» **Listed entries**:
* * * *

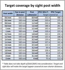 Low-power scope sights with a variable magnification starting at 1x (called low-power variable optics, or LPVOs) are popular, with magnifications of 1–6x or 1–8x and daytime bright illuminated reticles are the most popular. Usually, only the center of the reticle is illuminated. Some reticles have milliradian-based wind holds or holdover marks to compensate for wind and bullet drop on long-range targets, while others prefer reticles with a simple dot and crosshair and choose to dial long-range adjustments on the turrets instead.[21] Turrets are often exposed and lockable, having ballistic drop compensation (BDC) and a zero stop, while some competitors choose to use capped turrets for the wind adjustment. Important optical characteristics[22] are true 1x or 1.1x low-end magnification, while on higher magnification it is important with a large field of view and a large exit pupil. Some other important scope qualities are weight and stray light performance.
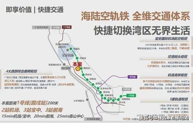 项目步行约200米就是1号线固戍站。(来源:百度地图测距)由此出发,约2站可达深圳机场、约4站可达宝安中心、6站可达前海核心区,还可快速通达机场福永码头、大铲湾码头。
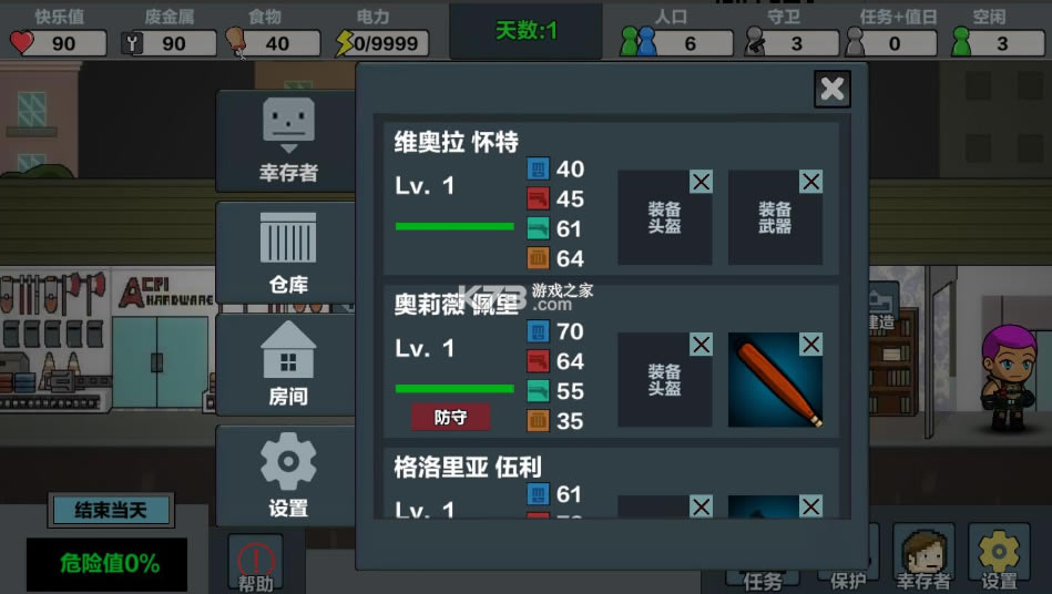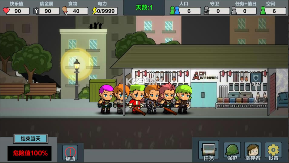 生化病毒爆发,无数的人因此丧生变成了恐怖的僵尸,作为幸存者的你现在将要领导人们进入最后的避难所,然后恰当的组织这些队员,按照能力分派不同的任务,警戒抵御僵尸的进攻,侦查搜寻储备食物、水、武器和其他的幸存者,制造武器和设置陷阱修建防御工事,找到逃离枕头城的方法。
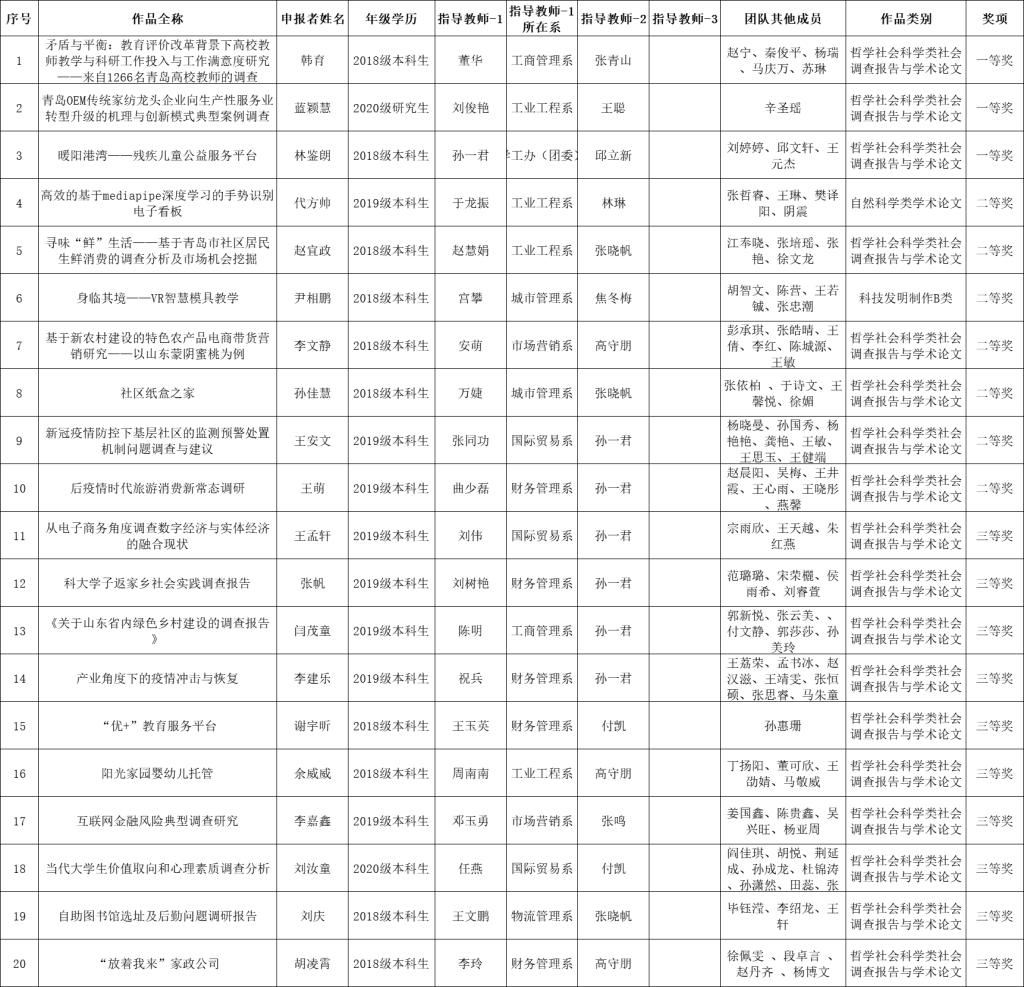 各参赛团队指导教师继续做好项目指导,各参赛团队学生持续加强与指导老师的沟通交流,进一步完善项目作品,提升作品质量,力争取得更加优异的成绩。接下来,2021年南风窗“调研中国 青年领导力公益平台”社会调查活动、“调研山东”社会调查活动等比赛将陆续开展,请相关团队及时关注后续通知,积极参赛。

* * * *

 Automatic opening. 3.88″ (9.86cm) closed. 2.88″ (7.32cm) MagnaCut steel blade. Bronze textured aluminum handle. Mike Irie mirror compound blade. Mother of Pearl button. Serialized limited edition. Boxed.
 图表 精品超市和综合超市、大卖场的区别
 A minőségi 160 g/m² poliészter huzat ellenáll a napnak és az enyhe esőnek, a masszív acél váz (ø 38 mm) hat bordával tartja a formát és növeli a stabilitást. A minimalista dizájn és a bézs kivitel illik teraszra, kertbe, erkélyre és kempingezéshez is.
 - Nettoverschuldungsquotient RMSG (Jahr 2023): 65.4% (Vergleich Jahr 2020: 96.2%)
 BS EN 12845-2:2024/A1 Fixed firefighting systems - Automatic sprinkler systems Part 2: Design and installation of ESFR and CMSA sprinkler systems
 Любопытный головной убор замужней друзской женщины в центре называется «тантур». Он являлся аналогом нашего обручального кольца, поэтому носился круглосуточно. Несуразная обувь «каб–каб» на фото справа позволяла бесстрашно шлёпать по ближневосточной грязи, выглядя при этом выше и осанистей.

* * * *

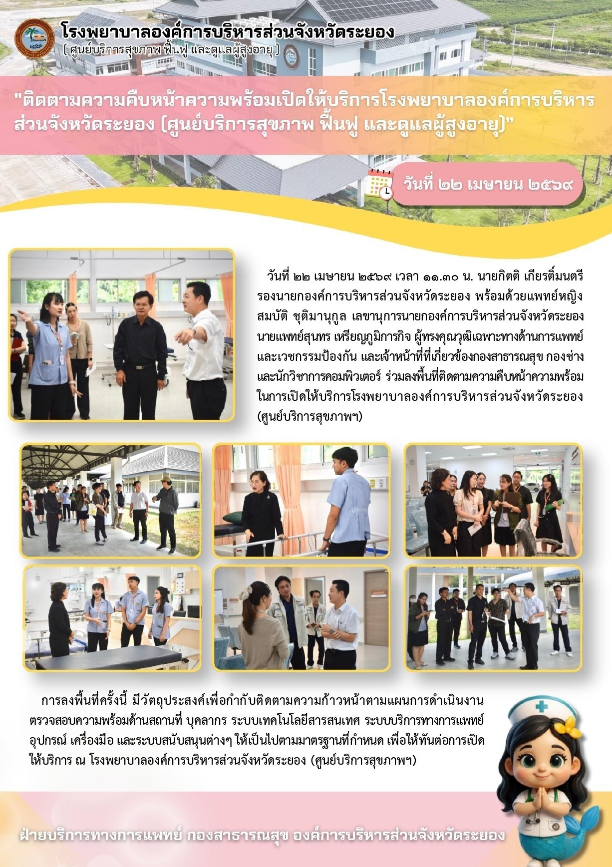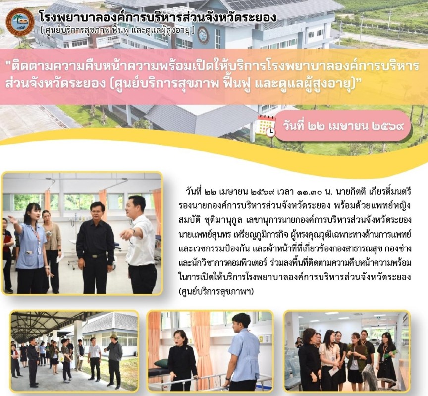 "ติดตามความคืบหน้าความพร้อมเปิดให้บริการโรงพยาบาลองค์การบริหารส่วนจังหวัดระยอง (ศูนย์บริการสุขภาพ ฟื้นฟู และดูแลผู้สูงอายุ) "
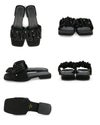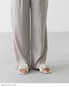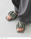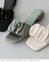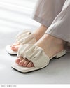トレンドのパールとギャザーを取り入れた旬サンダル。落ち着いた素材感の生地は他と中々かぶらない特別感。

* * * *

» **Problem**: From the material above, gather all lines that include the string "Automatic" and copy them.

» **The answer**:
 Automatic opening. 3.88″ (9.86cm) closed. 2.88″ (7.32cm) MagnaCut steel blade. Bronze textured aluminum handle. Mike Irie mirror compound blade. Mother of Pearl button. Serialized limited edition. Boxed.
 BS EN 12845-2:2024/A1 Fixed firefighting systems - Automatic sprinkler systems Part 2: Design and installation of ESFR and CMSA sprinkler systems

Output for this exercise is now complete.